• _About this task_
Exactly retype the opening line of the entries and every line after it, ending with the line that contains "jonglieren, mittelhelle Hautfarbe |". Skip all pictures.

• _Material for the task_
————————
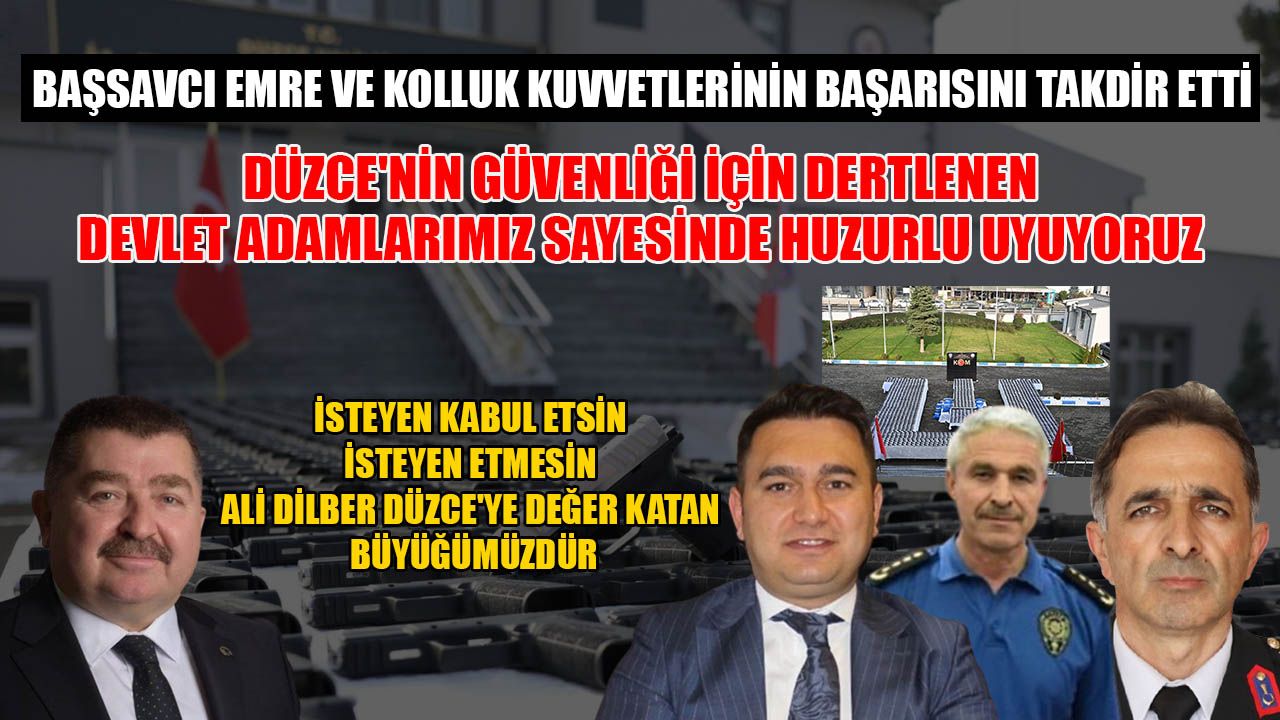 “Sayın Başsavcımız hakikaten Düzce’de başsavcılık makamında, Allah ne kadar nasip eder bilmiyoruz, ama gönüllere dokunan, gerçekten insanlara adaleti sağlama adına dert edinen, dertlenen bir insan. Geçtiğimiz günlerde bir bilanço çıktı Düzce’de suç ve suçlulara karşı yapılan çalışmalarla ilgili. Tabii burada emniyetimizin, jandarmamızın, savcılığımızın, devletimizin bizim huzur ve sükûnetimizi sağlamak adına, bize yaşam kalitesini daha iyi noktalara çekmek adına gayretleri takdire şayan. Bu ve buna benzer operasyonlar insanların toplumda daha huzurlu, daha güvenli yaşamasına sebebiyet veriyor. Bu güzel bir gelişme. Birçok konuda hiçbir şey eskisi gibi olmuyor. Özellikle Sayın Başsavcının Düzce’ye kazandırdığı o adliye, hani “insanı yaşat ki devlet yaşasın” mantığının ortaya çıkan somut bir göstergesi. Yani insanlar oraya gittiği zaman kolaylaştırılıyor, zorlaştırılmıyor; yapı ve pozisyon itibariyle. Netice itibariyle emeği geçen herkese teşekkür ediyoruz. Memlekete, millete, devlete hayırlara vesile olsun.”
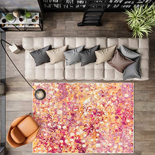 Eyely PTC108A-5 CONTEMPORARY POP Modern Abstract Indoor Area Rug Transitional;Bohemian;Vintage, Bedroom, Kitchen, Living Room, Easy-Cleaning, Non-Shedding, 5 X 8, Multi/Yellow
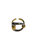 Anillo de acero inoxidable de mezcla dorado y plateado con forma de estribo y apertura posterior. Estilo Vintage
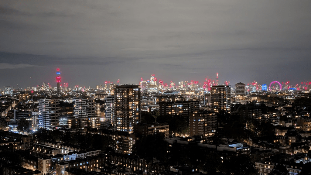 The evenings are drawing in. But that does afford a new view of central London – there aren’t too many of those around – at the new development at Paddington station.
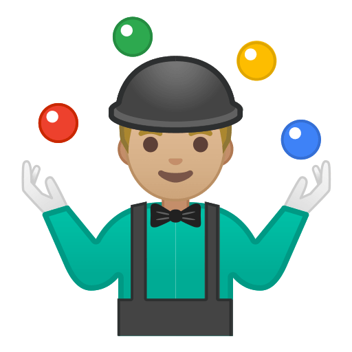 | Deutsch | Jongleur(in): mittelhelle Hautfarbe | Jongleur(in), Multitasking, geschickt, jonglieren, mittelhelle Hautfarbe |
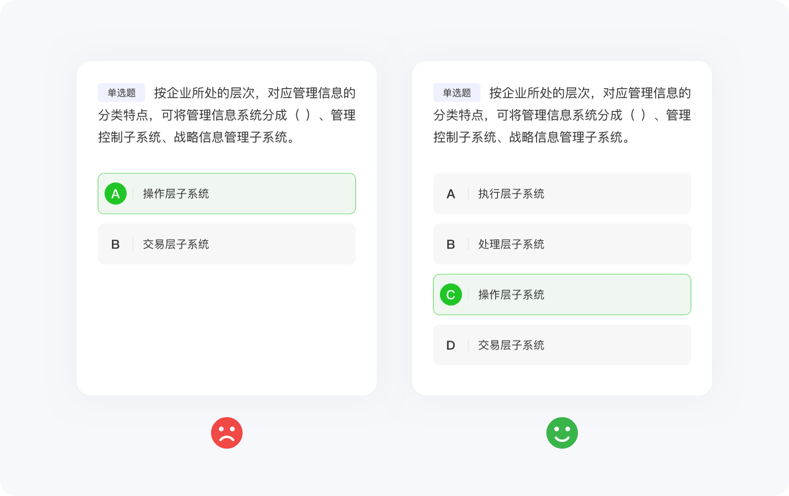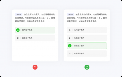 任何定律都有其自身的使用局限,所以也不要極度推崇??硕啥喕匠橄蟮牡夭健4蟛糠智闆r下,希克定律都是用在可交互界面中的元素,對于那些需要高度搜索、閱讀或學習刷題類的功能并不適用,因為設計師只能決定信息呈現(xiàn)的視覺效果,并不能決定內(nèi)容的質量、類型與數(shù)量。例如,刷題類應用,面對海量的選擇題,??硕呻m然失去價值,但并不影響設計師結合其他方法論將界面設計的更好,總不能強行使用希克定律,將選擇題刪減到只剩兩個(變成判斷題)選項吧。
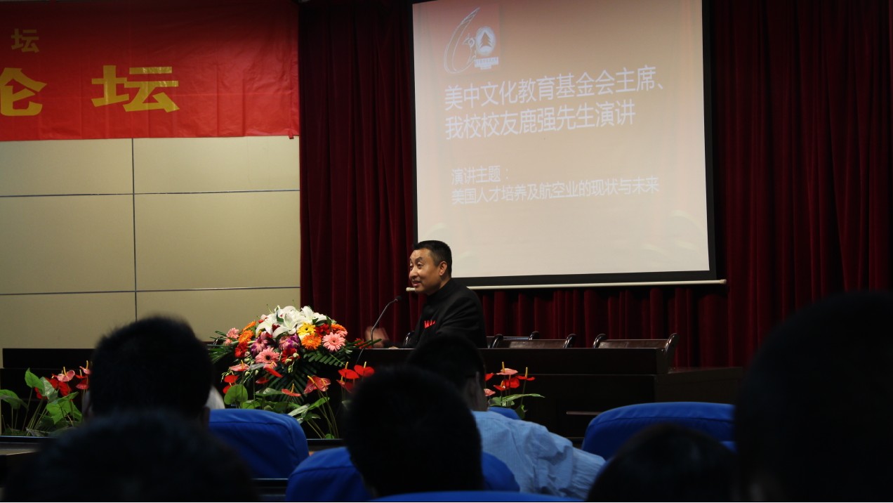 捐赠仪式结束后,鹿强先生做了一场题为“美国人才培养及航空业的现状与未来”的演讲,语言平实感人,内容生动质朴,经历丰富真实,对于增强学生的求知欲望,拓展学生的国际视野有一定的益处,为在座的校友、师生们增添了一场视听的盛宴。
————————
• _Response_
 “Sayın Başsavcımız hakikaten Düzce’de başsavcılık makamında, Allah ne kadar nasip eder bilmiyoruz, ama gönüllere dokunan, gerçekten insanlara adaleti sağlama adına dert edinen, dertlenen bir insan. Geçtiğimiz günlerde bir bilanço çıktı Düzce’de suç ve suçlulara karşı yapılan çalışmalarla ilgili. Tabii burada emniyetimizin, jandarmamızın, savcılığımızın, devletimizin bizim huzur ve sükûnetimizi sağlamak adına, bize yaşam kalitesini daha iyi noktalara çekmek adına gayretleri takdire şayan. Bu ve buna benzer operasyonlar insanların toplumda daha huzurlu, daha güvenli yaşamasına sebebiyet veriyor. Bu güzel bir gelişme. Birçok konuda hiçbir şey eskisi gibi olmuyor. Özellikle Sayın Başsavcının Düzce’ye kazandırdığı o adliye, hani “insanı yaşat ki devlet yaşasın” mantığının ortaya çıkan somut bir göstergesi. Yani insanlar oraya gittiği zaman kolaylaştırılıyor, zorlaştırılmıyor; yapı ve pozisyon itibariyle. Netice itibariyle emeği geçen herkese teşekkür ediyoruz. Memlekete, millete, devlete hayırlara vesile olsun.”
 Eyely PTC108A-5 CONTEMPORARY POP Modern Abstract Indoor Area Rug Transitional;Bohemian;Vintage, Bedroom, Kitchen, Living Room, Easy-Cleaning, Non-Shedding, 5 X 8, Multi/Yellow
 Anillo de acero inoxidable de mezcla dorado y plateado con forma de estribo y apertura posterior. Estilo Vintage
 The evenings are drawing in. But that does afford a new view of central London – there aren’t too many of those around – at the new development at Paddington station.
 | Deutsch | Jongleur(in): mittelhelle Hautfarbe | Jongleur(in), Multitasking, geschickt, jonglieren, mittelhelle Hautfarbe |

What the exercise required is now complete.